HS to adopt full-year schedule model in 2024-25
TSA was founded on the 10 Common Principles of the Coalition of Essential Schools, including Learning to Use One’s Mind Well and Less is More: Depth Over Coverage. These concepts are at the heart of TSA’s deeper learning model—a model that has guided the school’s pedagogical thinking since its founding and continues to compel its leadership to seek ways to best meet the needs of its students. As our student population has changed over the years, these concepts have required teachers and staff to periodically reconsider who we are and who we must be as a school.
In 2021/22, as schools across the state emerged from the pandemic, the high school embarked on a bold experiment with its schedule. This involved a later start time for classes to align with what academics understand about adolescent brain development, longer classroom time to enable greater depth of teaching and learning, and a modular schedule that focuses learning on fewer subjects at a time. Learn more.
After two years with this model, the high school began to assess the outcomes of this module schedule through teacher, parent, and student surveys and focused discussions. A schedule is not a solution nor a program; rather, it is a tool—a framework for organizing our time. Understanding that what we do with that time makes us who we are and matters most to students, we have decided to return to a full-year model, where students take all of their classes all year without interruption. A calendar and FAQ list will be published by the end of January along with full presentations to parents/guardians and students in large groups and small.

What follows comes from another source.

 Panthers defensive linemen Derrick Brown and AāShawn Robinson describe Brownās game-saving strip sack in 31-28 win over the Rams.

Considerable work has been done to reach this conclusion, beginning in September 2023, when a task force of faculty, staff, parents, and a student was convened to examine priorities, goals, and possible permutations of modular and non-modular schedules. Over the subsequent two months, staff were then engaged in assessing four possible schedule models; they narrowed the options to a full-year model and a schedule with five modules (versus the current eight). Student and parent feedback were solicited in November and faculty and staff were presented with the modified options.
There was significant discussion about the benefits and drawbacks of each of the schedule options. TSA provides students with a degree of flexibility, ie dual enrollment, electives, HACTC participation, that many of the faculty and staff feel are essential to maintain. In the final analysis, there was a consensus that the school’s relationship with students was paramount, and Head of School Mary Newman and Assistant Head of School Kate Fabrikant met with members of the Board of Trustees to advocate for the full-year model as the best way forward to achieve this relationship. The Board endorsed the proposal at its December 9 meeting. Since then, the full staff and board have been working on the details of the schedule and transition plan.

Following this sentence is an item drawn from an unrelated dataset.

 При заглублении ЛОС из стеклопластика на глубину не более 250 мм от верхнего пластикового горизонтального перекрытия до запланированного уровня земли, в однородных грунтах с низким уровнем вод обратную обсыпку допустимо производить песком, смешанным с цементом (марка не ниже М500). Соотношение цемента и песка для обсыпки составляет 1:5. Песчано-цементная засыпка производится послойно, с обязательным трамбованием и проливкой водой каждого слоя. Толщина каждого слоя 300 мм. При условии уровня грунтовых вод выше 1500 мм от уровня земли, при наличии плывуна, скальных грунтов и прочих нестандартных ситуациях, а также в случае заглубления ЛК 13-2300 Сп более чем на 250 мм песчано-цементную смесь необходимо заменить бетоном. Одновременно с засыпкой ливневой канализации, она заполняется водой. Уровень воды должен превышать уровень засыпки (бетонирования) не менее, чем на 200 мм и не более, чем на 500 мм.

While our experiment with modular scheduling may not have succeeded in fostering the kind of deeper learning that we had hoped, it exemplifies the spirit of TSA and demonstrates the commitment of our faculty and staff to self-knowledge and improvement. At the same time, we recognize that such experimentation has a cost, which we do not take lightly. We appreciate the support of our families and our community as we continue to consider and attempt innovative approaches to nurture our students and awaken them to their potential. Beyond this question of scheduling, TSA is committed to continuing to focus on the concepts of deeper learning through work on professional development and curriculum design.